As you know, this month the squad is in India. My team is partnered with team Pleres, working with a ministry called Indian Christian Ministries (ICM). Part of ICM, called Sarah’s Covenant Home (SCH), is a home for children with physical and mental disabilities and we are blessed enough to get to volunteer there this month.
I remember our first day at SCH. We got there in the afternoon with the sun blazing down on us, and a courtyard full of children walk and run up to us wanting hugs or handshakes or high fives or just to hang off you like you are a human jungle gym. There are over 80 children who live there, and while I’ve had a little experience with children with disabilities and special needs it is not something I am accustomed to. The adjective I would use to describe our first day at the childrens home – overwhelming. But as the days go by and we start to learn names, faces, and actually get to know the kids, the place starts feeling less overwhelming and more natural.
 
Our role at SCH is a myriad of things from scrubbing the squatty potties to loving on and praying for the kids.

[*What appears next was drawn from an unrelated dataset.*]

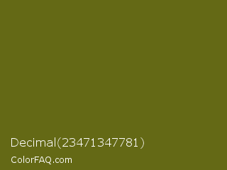 Decimal 23471347781 Color is a dark yellow color and the nearest color is Fern Frond #657220. Hex code #646915 and RGB value is rgb(100,105,21). In RGB color space, this color is composed of 39% red, 41% green, 8% blue, In CMYK color space, this color is composed of 5% cyan, 0% magenta, 80% yellow , 59% black , In HSL color space, this color has a hue angle of 64° , 67% saturation and 25% lightness.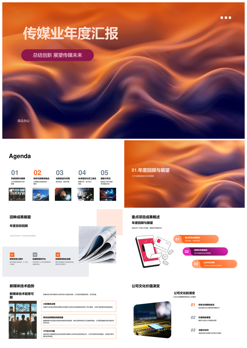 传媒年报新媒体技术文化成果竞争分析运营创新员工发展PPT模板

With temperatures usually around 42 – 45 degrees (that’s about 107 – 113 for those of you working in Fahrenheit) the kids get hot! Because a fair amount of them are immobile and the majority of the kids there need someone to help them get water, the kids get quite dehydrated and lose their appetites which only makes things like weakness and responsiveness worse. So we go around with red squirt bottles and squirt water into the kids mouths…it kind of feels like a water fight on days when the water is actually cold because the kids giggle and smile and jostle to get water. Underneath everything our eyes see, despite the barriers that stand in the way of their expression, and beyond the framework that we have of understanding their “disabilities”, they are still children. Children who want to dance, sing, run, jump, play games, and laugh with you. Children who want to be hugged, kissed, tickled, and thrown in the air. Children who, like every other child, just want to be loved. Children who are valuable, who deserve wholeness, who deserve to know what it feels like to run and play, or sing for joy, or tell you stories, but somehow and somewhere along the way they were robbed of those things. That thievery breaks my heart and makes me feel helpless, like I’m just another body in the room that these kids don’t know and won’t ever remember.
 
Having a physical or mental disability in India basically means that you, as a person, are cursed. You grow up being an outcast and often times being left to fend for yourself, or even left for dead.
 
I sat on a bed with a little girl who has primordial dwarfism on my lap, while I watch Leslie and Chelsea plead the Lord for healing and thank Him for the healing He is going to do. It reminded me that I am so much more than just a person in a room, that I am not helpless, and that my role is more than toilet cleaner/water giver/human jungle gym. The things I do are made holy by His holiness. And the prayers we pray are powerful and effective. This is our life, this is what real life should look like – where healings are an every day event, where prophecy comes out as naturally as laughter, where we sit before the throne of God and ask expectantly for His hand to move.
 
 
Real life is expecting the little girl who can’t walk and the little boy who can’t speak and the little girl who can’t sit up to stop having “can’t”s describe them. Real life is expecting her to walk, waiting for him to speak, and anticipating the moment when she sits up. Real life is when the moments we see miracles happen fill us with awe because we saw God do it again and again. Real life is taking children who are outcasts, cursed, and worth less than dirt and calling them precious, beloved, and royal!
 
 
Their culture sees them as cursed, but we see them and love them as so much more.